◆ WHAT THE TASK REQUIRES
Each line in the material below, starting at the one that contains "Особенно гармонично мрамор" and ending at the one that contains "8/10 pre-loved condition.", should be repeated exactly; the pictures should not.

◆ THE DATA
━━━━━━━━━━━━━━━━━━━━━━━━━━━━━━

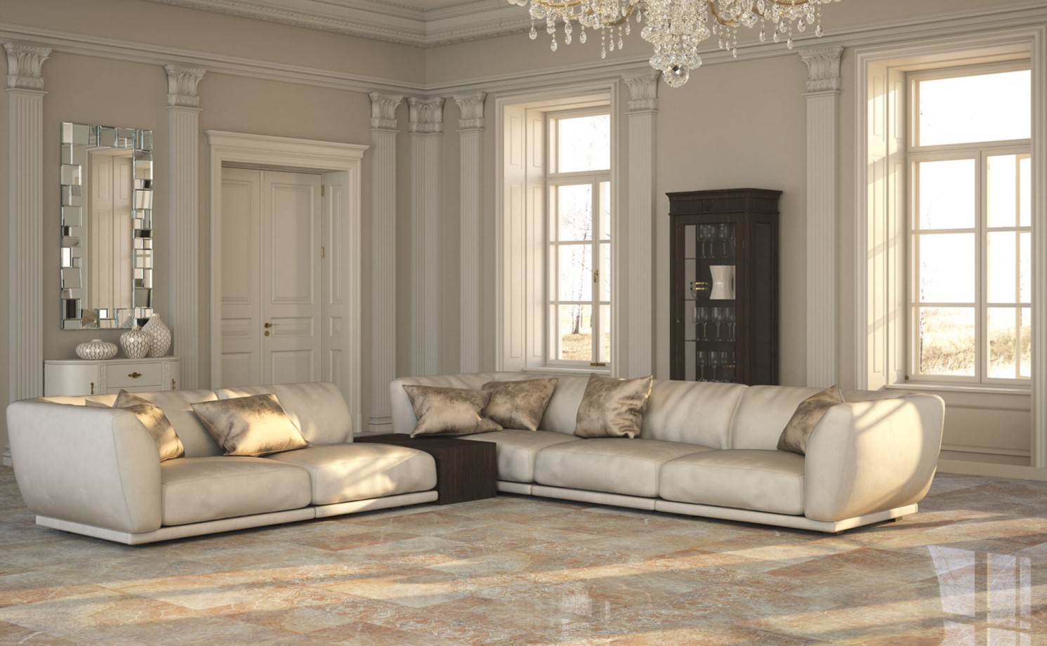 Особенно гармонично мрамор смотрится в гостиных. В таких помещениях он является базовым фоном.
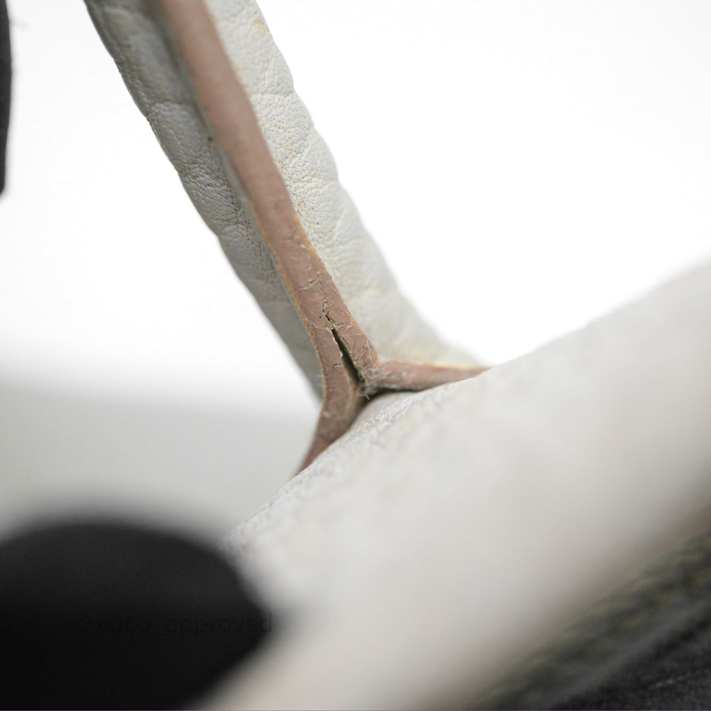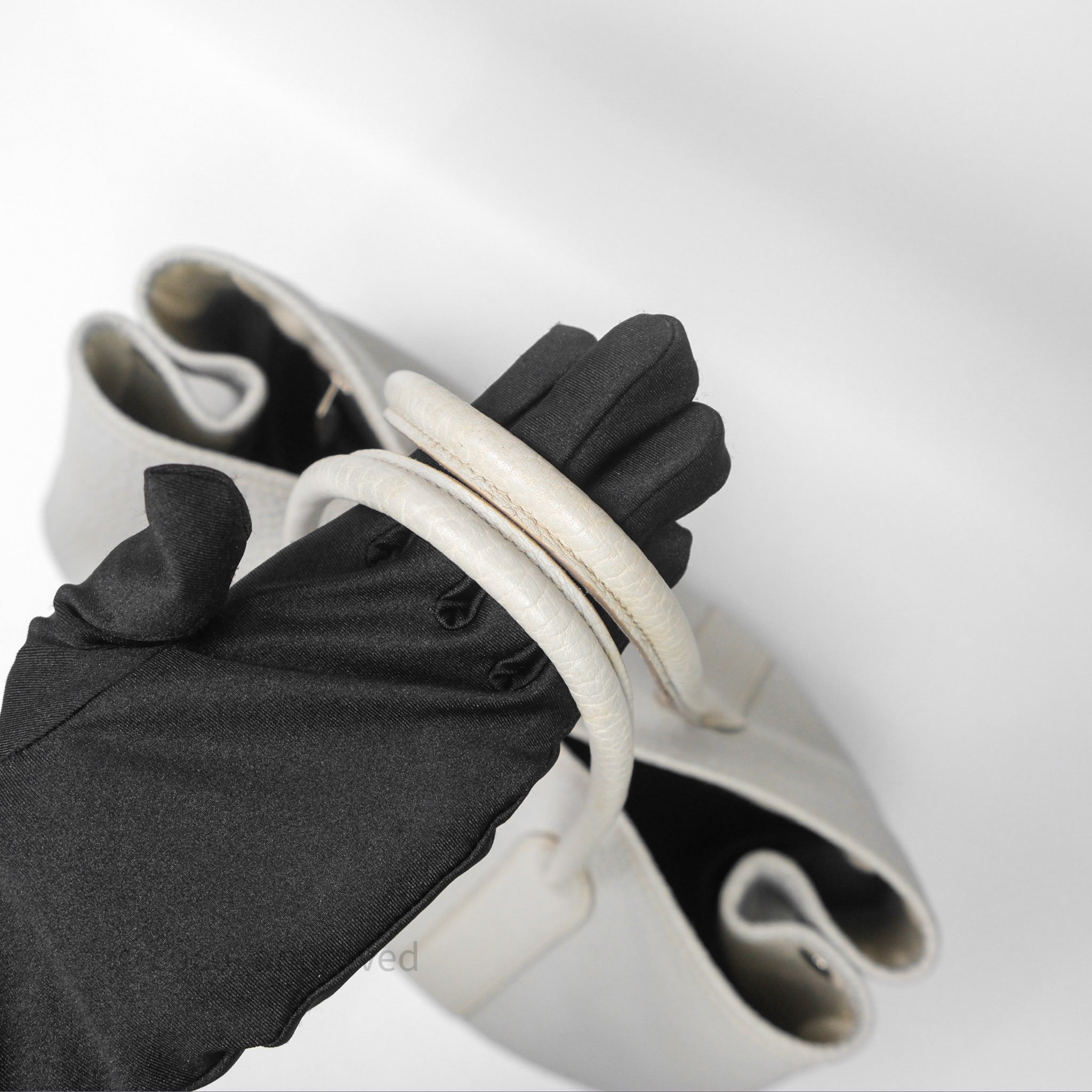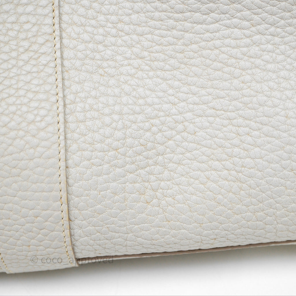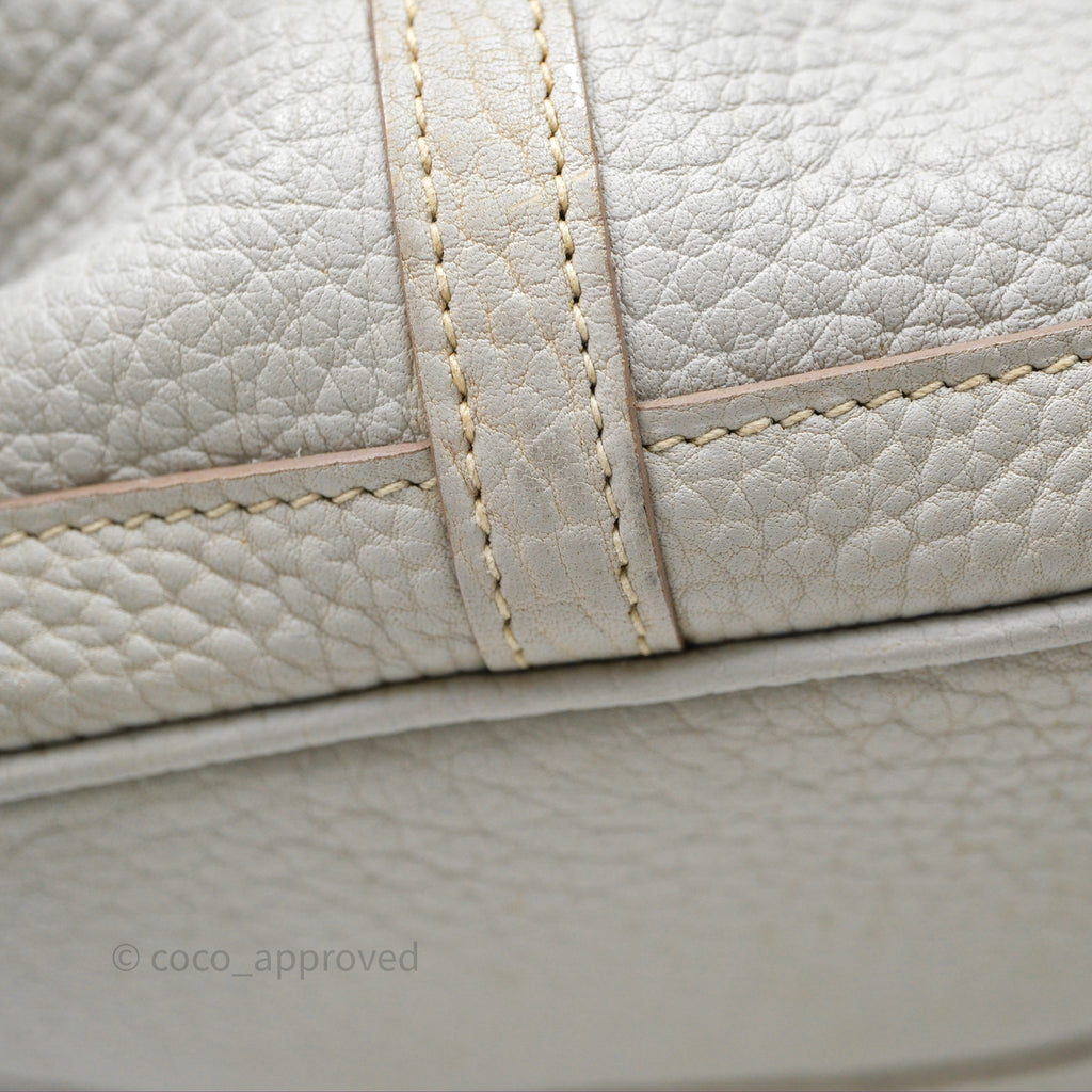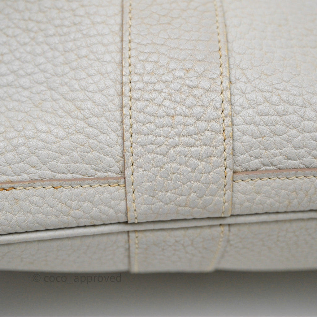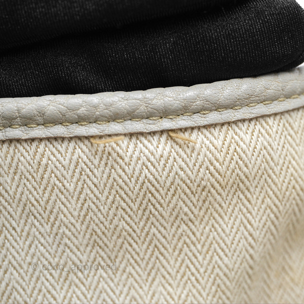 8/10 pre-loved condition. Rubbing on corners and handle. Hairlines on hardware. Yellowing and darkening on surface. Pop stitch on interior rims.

━━━━━━━━━━━━━━━━━━━━━━━━━━━━━━

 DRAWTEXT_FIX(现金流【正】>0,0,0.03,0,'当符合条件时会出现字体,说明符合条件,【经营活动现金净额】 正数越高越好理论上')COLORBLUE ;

━━━━━━━━━━━━━━━━━━━━━━━━━━━━━━

◆ WRITTEN REPLY
 Особенно гармонично мрамор смотрится в гостиных. В таких помещениях он является базовым фоном.
 8/10 pre-loved condition. Rubbing on corners and handle. Hairlines on hardware. Yellowing and darkening on surface. Pop stitch on interior rims.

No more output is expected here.